Что скажут дети на этом четвертом уроке, когда Ния откроет им свой секрет? Какие еще гипотезы они могут выдвинуть?
— А теперь относительно секрета Нии! Ния, поговори с ребятами сама!
Девочка выходит со своим завернутым в газету «секретом».
— Как вы думаете, кому принадлежит стихотворение «Яблоко и Шакара»?
— А ты знаешь? — спрашивают дети.
— Знаю! — говорит Ния.
— Так скажи сама, чего же ты мучаешь нас!
— Скажу, конечно, — говорит она, — но скажите сперва, кто считает, что его автором не является Яков Семенович Гогебашвили?
Первая поднимает руку Нато, к ней присоединяются еще пятеро. Ния приглашает к доске всех шестерых.
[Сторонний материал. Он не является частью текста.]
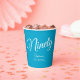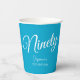 Simply Modern Script Aqua Blue 90th Birthday Party Paper Cups

— Вот видите, — продолжает Ния, — все они оказались правы! Автором этого стихотворения является Акакий Церетели!
— Откуда ты знаешь?
— Не может быть!
— Я же говорил, что должен быть кто-то другой!
— Докажи!
Познавательный взрыв — только так я могу назвать то, что произошло в классе. Удивление, радость, озабоченность — вот о чем говорили лица и возгласы детей. Ния разворачивает газету и достает потрепанную книжечку. Рассказывает всем, как нашла ее дома, на какой странице напечатано это стихотворение. Она проходит между рядами, каждому показывает книжку, и каждый берет ее в руки, рассматривает обложку, читает первые строки стихотворения, то есть каждому хочется убедиться в достоверности сказанного Нией.
Сандро, Гига, Илико, Зурико о чем-то спорят, точнее, согласовывают между собой какую-то мысль. Затем Илико и Зурико подходят ко мне.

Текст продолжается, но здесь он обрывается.